Lo chef del ristorante Condividere di Torino, Federico Zanasi, ha vinto a Identità Golose 2026 il premio per il miglior “Piatto dell’Anno”: ovvero, il suo “Gnocco burro e oro”, una creazione che rappresenta una sintesi della sua visione gastronomica: essenzialità, memoria e ricerca.
L’idea
Zanasi da anni è alla guida del ristorante stellato, del Gruppo Lavazza, e non smette di stupire con una creatività riconosciuta ormai a livello internazionale. Il piatto nasce da un ingrediente simbolo della cultura gastronomica italiana, il pomodoro, che lo chef Zanasi trasforma attraverso una lavorazione tecnica raffinata in una preparazione solo apparentemente semplice. Il risultato è un condensato di gusto che valorizza il pomodoro in tutte le sue sfumature, accompagnato da burro, Parmigiano Reggiano, basilico e olio extravergine d’oliva.

Tecnica
Molta tecnica alla base della ricetta: lo chef si è infatti concentrato su un lavoro di estrazione e di concentrazione dei sapori: il succo di pomodoro datterino viene quindi lavorato con kuzu e questo permette di ottenere degli “gnocchi” morbidi e delicati. Che, successivamente, sono conservati nella passata di pomodoro e infine mantecati con burro e Parmigiano Reggiano.

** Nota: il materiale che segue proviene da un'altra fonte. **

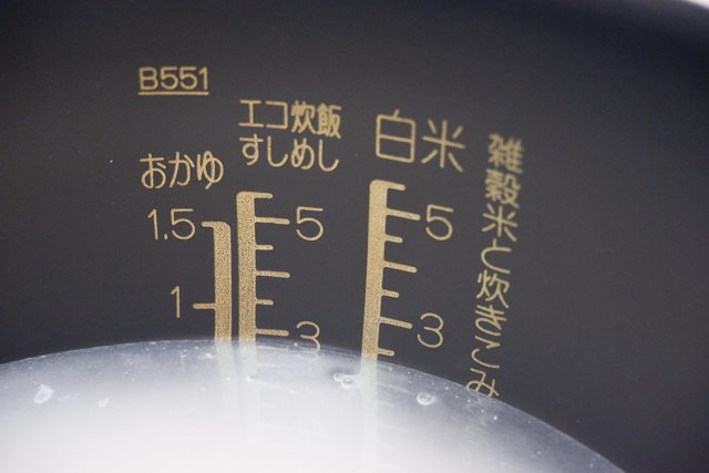 ちょっとユニークなのは、内釜の目盛りでしょう。これは内釜に水を張ったとき目盛りが濃くでる仕様になっています。中には、目盛りが読みづらい炊飯器もあります。STANは隅々まで、よく気を付けられた炊飯器なのです。
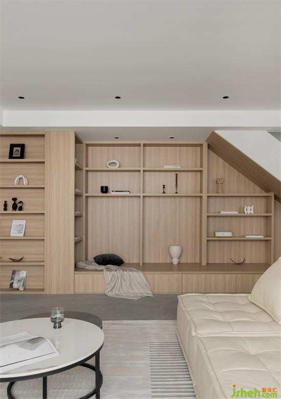 后來,在這個小小天地完成后,他們發(fā)現(xiàn)在巧妙的安排下,書架整體張弛有度,家裝設(shè)計打消了之前的憂慮。
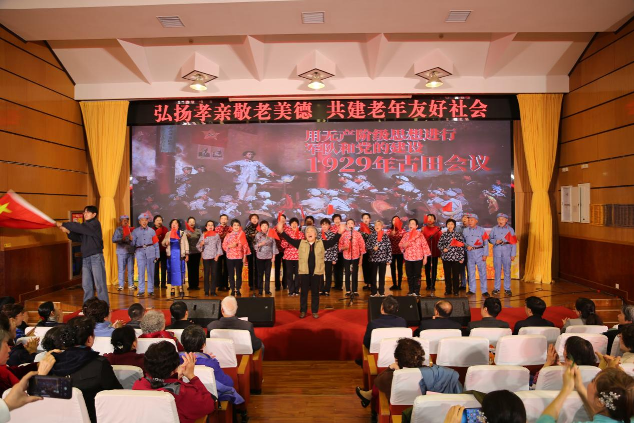 文艺联欢会主题鲜明、精彩纷呈、高潮迭起,演职人员奉献了一场高水平的视听盛宴。或舞姿翩跹,尽显优雅风韵;或歌声嘹亮,唱响时代新声;或朗诵深情,传递家国情怀,节目兼顾传统韵味与情感温度,既有银发教师的夕阳风采,也有幼儿园小朋友的朝气蓬勃,一老一小的结合体现了温暖的传承,更代表着年轻一代对离退休老师们辛勤付出的感恩。模特表演《天边的卓玛》表现了离退休老同志对脚下这片土地爱得深沉,也对眼前这幸福生活充满热情,用自信、时尚的步伐,走出最美夕阳红的风采;《松花江上》《在太行山上》《没有共产党就没有新中国》等红歌联唱,将演出推向了高潮。
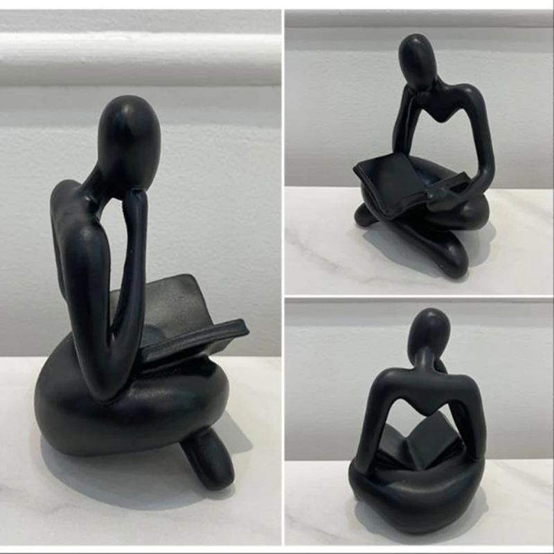 Contemplative Intellect, Modern Thinker Reading Book Statue – Enhancing Home and Office Spaces

Dice Zanasi: «Una ricetta che prende ispirazione dalla classica tradizione italiana, ma reinterpretata in chiave contemporanea. È un piatto, anzi un condimento che riporta alla mia infanzia, dove il pomodoro era sempre il protagonista assoluto che ho qui celebrato in tutte le sue consistenze e in un’esplosione di sapori, utilizzando tecnica e materia prima d’eccellenza, un inno all’italianità».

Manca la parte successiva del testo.